Dataset records ▸
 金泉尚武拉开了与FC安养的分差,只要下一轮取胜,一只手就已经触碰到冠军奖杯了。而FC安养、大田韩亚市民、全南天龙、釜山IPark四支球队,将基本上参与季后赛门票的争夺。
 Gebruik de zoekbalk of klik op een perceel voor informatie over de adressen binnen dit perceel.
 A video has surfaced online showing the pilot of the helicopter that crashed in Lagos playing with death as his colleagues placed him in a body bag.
--
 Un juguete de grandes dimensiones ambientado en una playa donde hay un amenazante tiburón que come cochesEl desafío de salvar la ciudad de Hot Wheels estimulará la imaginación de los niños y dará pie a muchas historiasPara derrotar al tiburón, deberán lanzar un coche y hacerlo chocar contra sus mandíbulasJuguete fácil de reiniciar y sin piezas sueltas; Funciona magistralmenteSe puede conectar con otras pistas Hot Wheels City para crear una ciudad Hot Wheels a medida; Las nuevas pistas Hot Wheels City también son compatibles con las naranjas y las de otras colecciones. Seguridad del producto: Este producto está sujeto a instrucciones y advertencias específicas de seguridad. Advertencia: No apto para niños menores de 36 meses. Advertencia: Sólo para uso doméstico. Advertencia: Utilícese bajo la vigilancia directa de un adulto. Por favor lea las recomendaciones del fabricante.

Task requirements ▸
The response should be the listing above, limited to the lines between the one holding "金泉尚武拉开了与FC安养的分" and the one holding "A video has", inclusive, reproduced exactly.

Exercise output ▸
 金泉尚武拉开了与FC安养的分差,只要下一轮取胜,一只手就已经触碰到冠军奖杯了。而FC安养、大田韩亚市民、全南天龙、釜山IPark四支球队,将基本上参与季后赛门票的争夺。
 Gebruik de zoekbalk of klik op een perceel voor informatie over de adressen binnen dit perceel.
 A video has surfaced online showing the pilot of the helicopter that crashed in Lagos playing with death as his colleagues placed him in a body bag.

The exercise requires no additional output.